[Records for processing Boundary: Start]

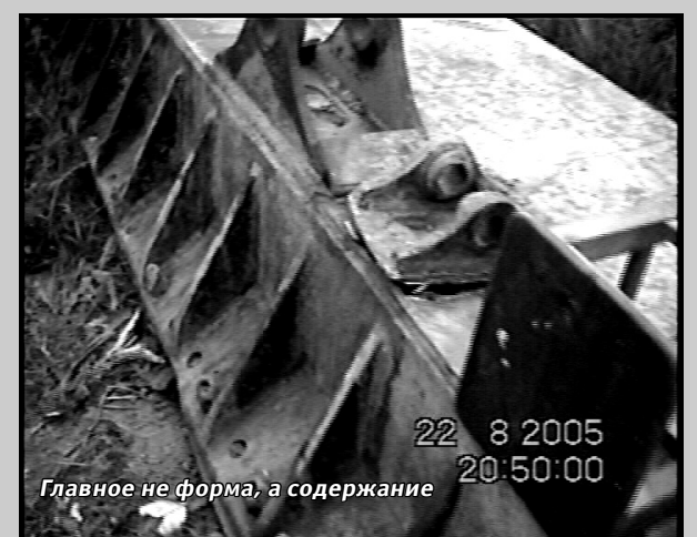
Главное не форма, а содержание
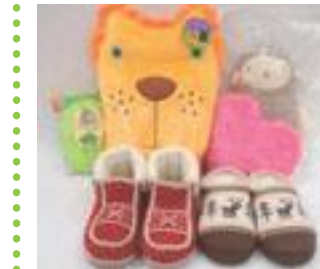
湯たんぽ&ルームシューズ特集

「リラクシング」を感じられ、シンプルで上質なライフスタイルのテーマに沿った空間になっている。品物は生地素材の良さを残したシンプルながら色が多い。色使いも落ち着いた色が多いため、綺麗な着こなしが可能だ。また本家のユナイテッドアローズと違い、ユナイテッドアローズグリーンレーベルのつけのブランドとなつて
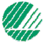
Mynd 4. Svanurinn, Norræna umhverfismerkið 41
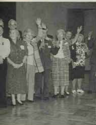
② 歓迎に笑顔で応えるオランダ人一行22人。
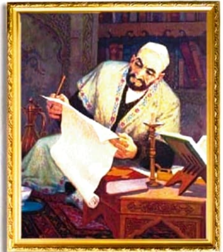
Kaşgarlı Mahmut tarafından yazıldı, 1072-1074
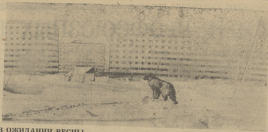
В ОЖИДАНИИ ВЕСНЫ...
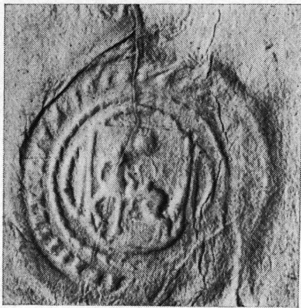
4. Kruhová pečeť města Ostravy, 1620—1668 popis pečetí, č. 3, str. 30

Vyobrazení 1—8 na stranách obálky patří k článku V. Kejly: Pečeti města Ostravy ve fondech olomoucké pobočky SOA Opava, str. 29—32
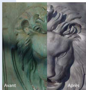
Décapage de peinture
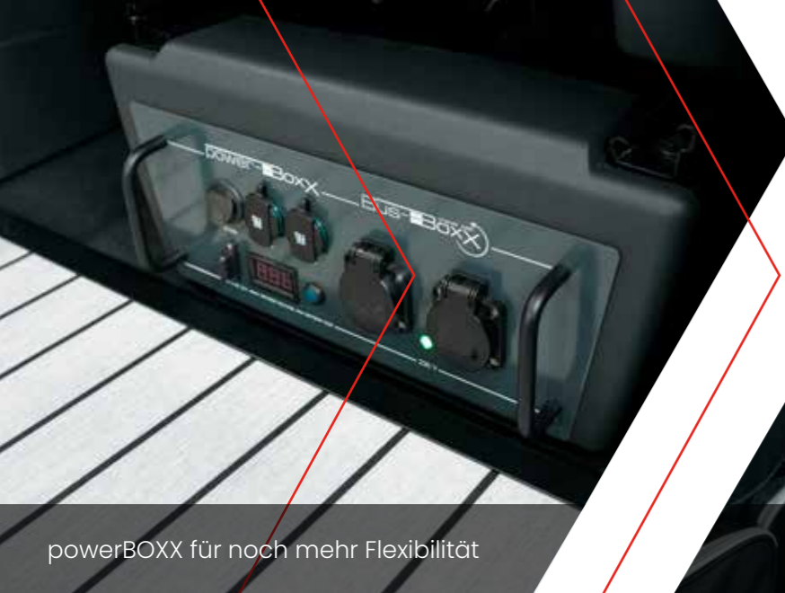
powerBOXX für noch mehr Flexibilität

[Records for processing Boundary: End]

**What you will do:** A single number is the whole answer here: the number of lines in the data containing "Ostravy".

**Finished exercise:** 2